Saved data entries:
*****

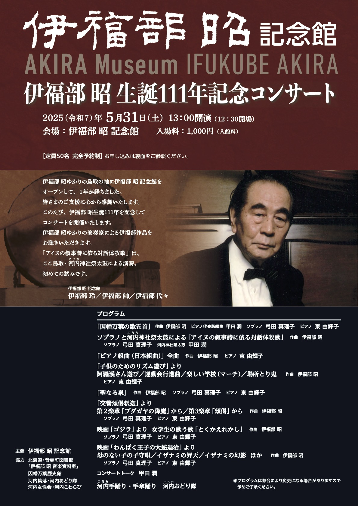 2025年5月31日、伊福部昭記念館において「伊福部昭生誕111年記念コンサート」を開催いたします。演目、演奏者等は上記パンフレットをご参照ください(クリックで拡大します)
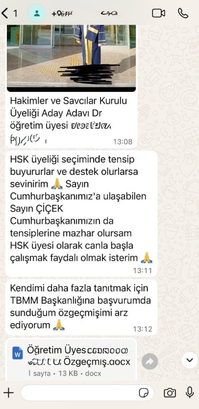 Akademisyen, eski Bakan Çiçek’in telefonu zannettiği numaraya HSK üyeliği için kendisine torpil yapılmasını istediği mesajlar attı.
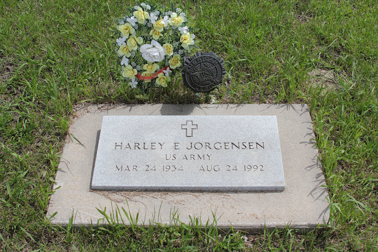 Headstone inscription:HARLEY E JORGENSENUS ARMYMAR 24 1934 AUG 24 1992
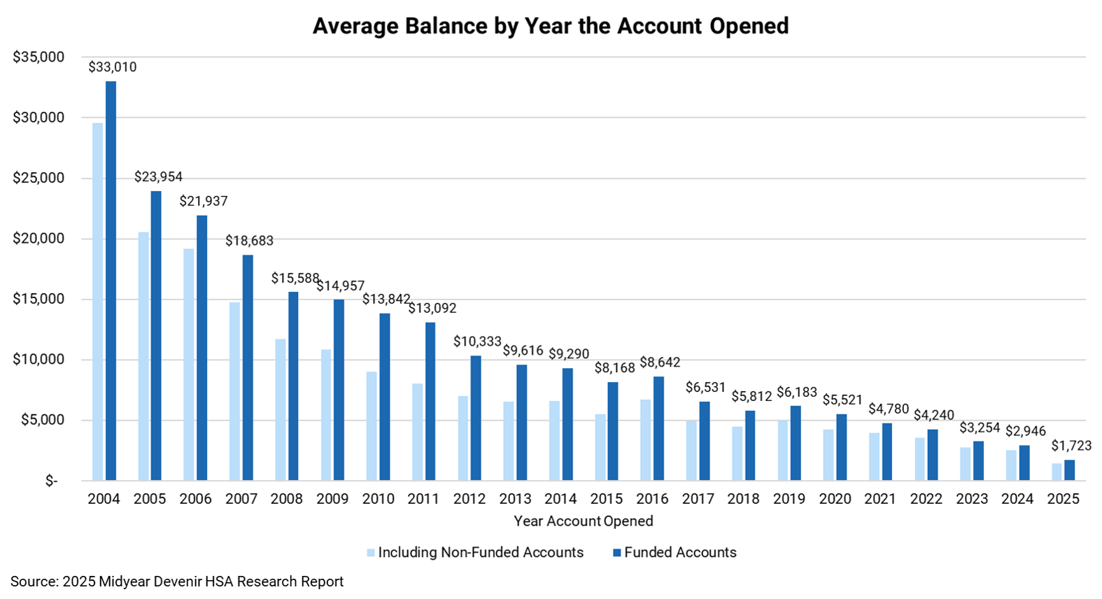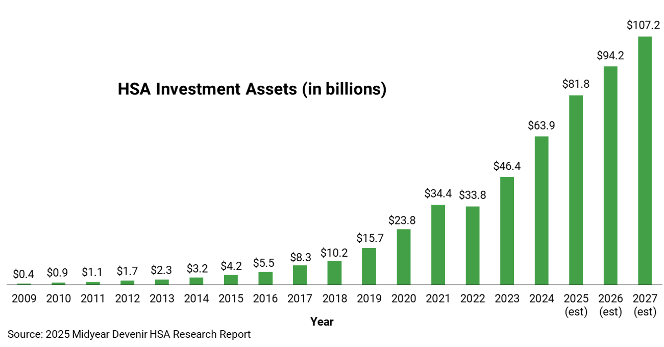 - Market momentum amplifies asset growth. Supported by favorable markets, HSA assets expanded meaningfully in the first half of 2025. By midyear, assets reached nearly $159 billion across about 40 million accounts, up 16% year-over-year for assets and 6% for accounts..
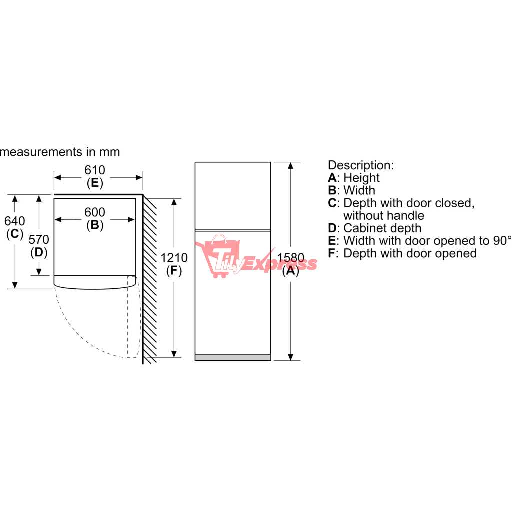 Bosch 260 Litre Fridge KDN43VL2N5; Frost Free Freestanding 2-Door Top Freezer Refrigerator – Inox. General
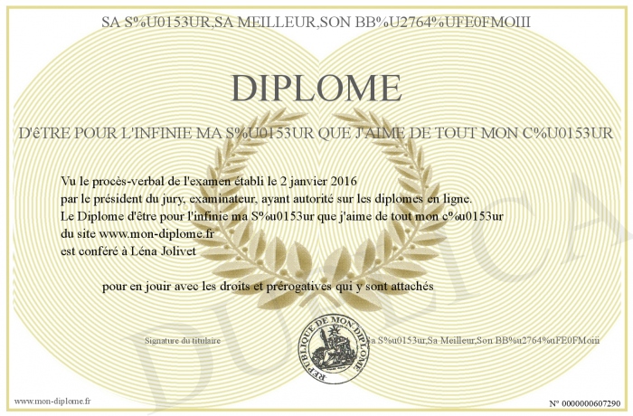 Envoyez par email votre Diplôme d'être pour l'infinie ma Soeur que j'aime de tout mon coeur personalisé
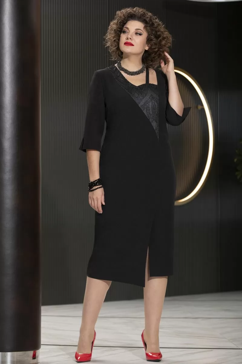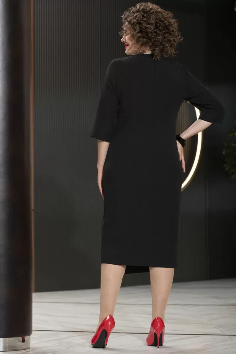 Нарядное платье прилегающего силуэта из плотной костюмно-плательной ткани, немного тянется. На переде шлица, застежка на молнию в среднем шве спинки.
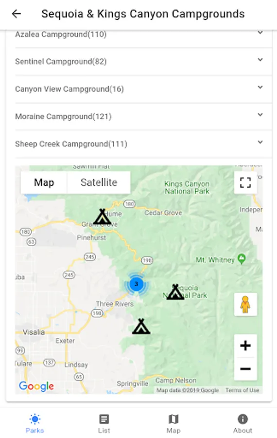 - Show campsites details including accessibility, amenities, directions, regulations, and etc..
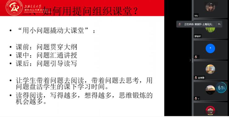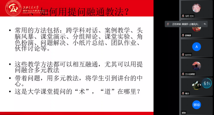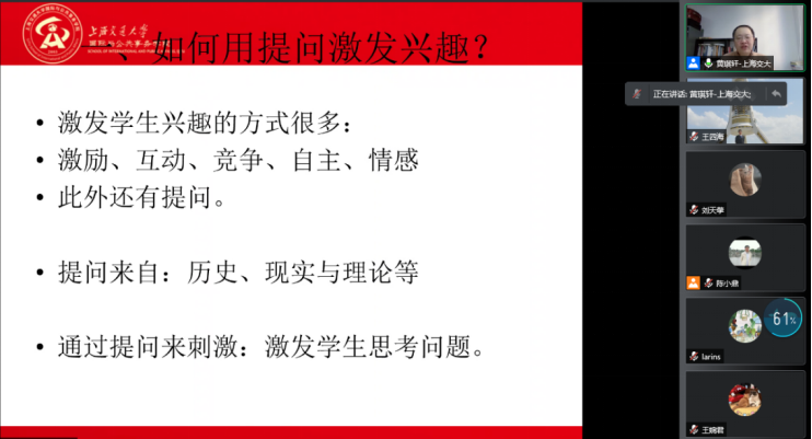 国际关系系副主任黄琪轩教授为木瓜视频教师做了题为“以问题贯穿课堂:用提问激发兴趣”的线上讲座,副院长陈小鼎教授主持。
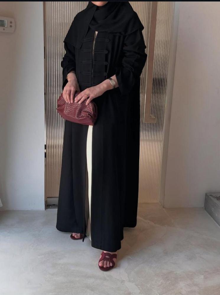 - عباية سوداء رسميه: خيطت هذه العباية من قماش كريب الرياض عالي الجودة، وهو قماش متميز بخفته ونعومته على البشرة، مما يوفر لكِ شعورًا بالراحة والثقة أثناء ارتدائها طوال اليوم.
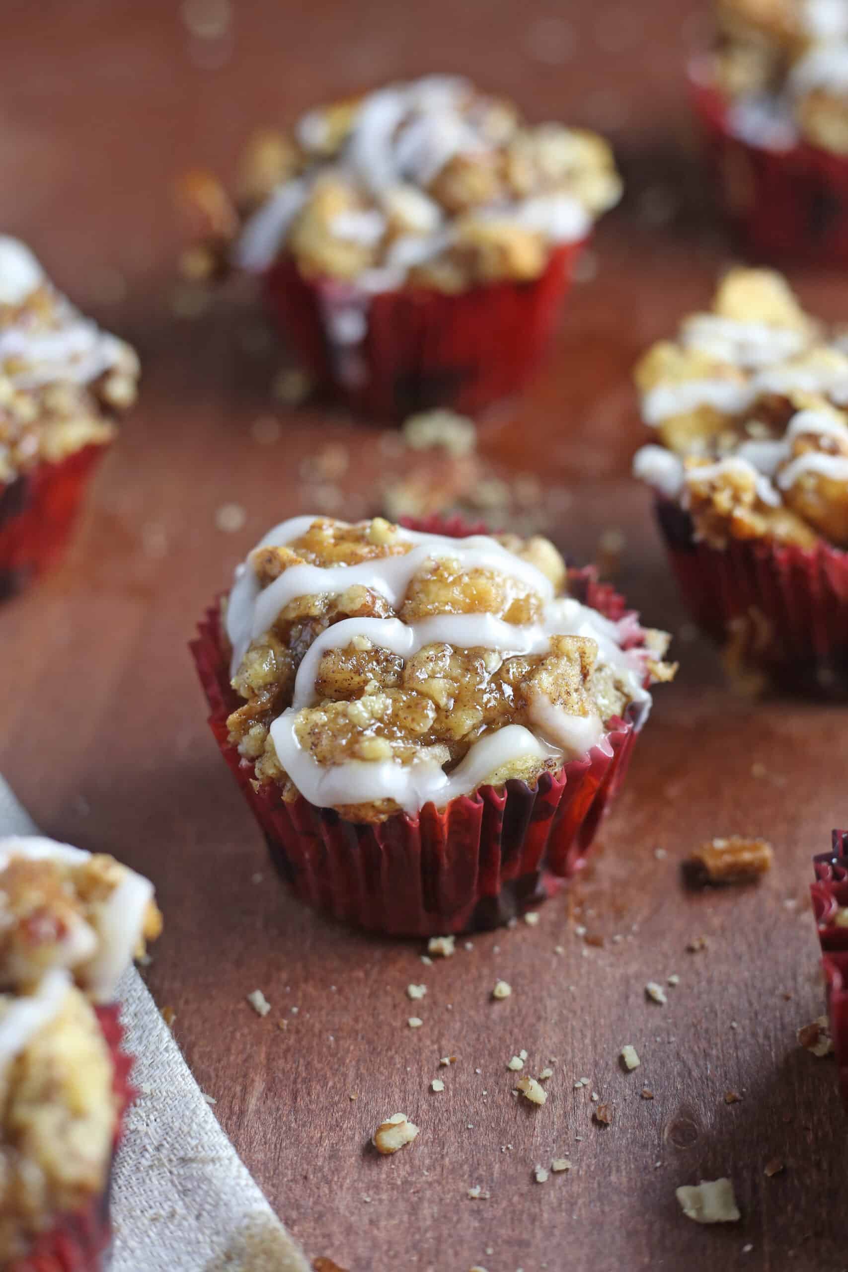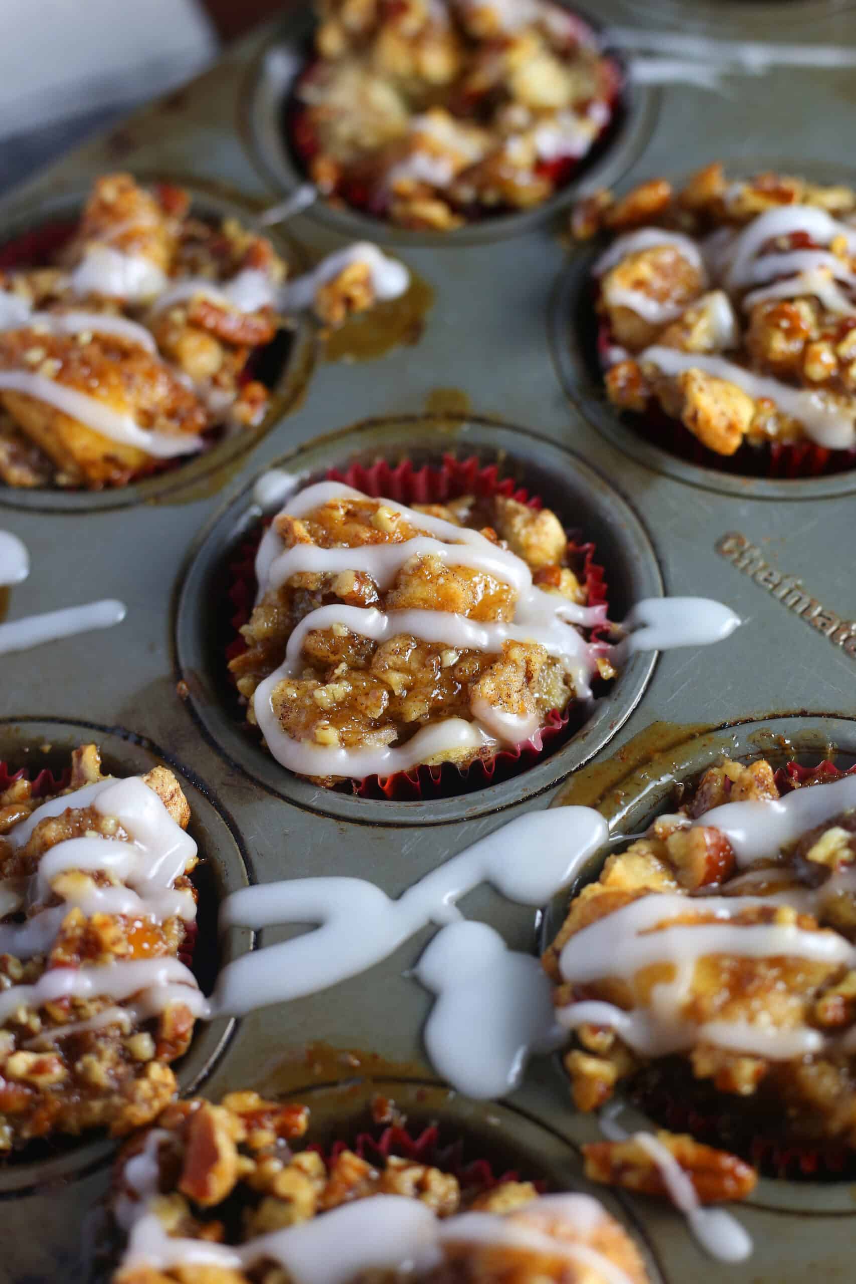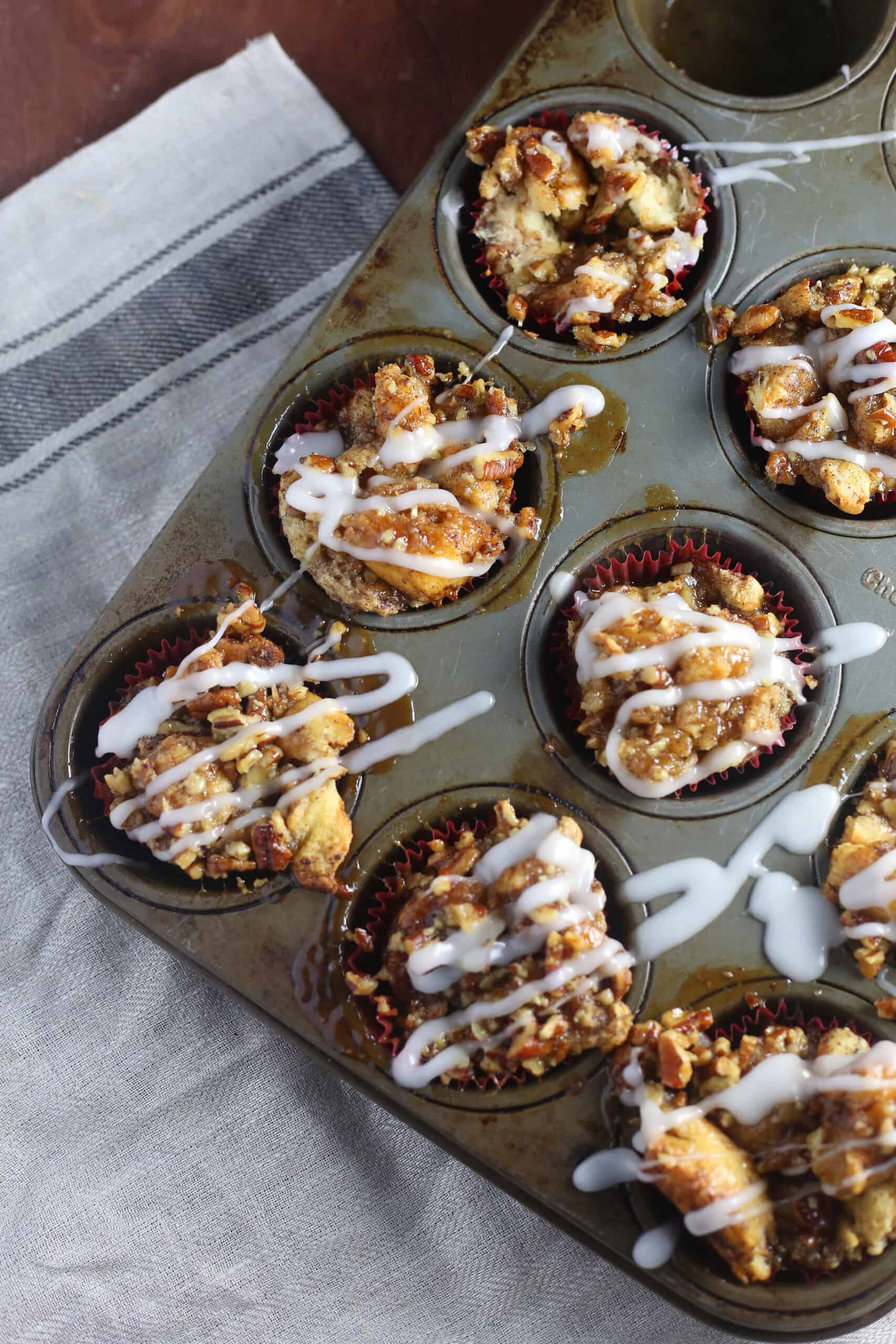 - Line a cupcake pan with liners. Use an ice cream scoop and scoop some of the bread pudding mixture into the liners. Spoon some of the caramel mixtures over the cinnamon roll mixture and bake for 20 minutes. Once finished allowing to cool slightly. About 5 minutes. Drizzle with the cinnamon roll glaze and serve.

*****

About this exercise:
Find the line with "- Market momentum" and the line with "Bosch 260 Litre" in the records above. Copy both and all lines between them exactly, without pictures.

Expected output:
 - Market momentum amplifies asset growth. Supported by favorable markets, HSA assets expanded meaningfully in the first half of 2025. By midyear, assets reached nearly $159 billion across about 40 million accounts, up 16% year-over-year for assets and 6% for accounts..
 Bosch 260 Litre Fridge KDN43VL2N5; Frost Free Freestanding 2-Door Top Freezer Refrigerator – Inox. General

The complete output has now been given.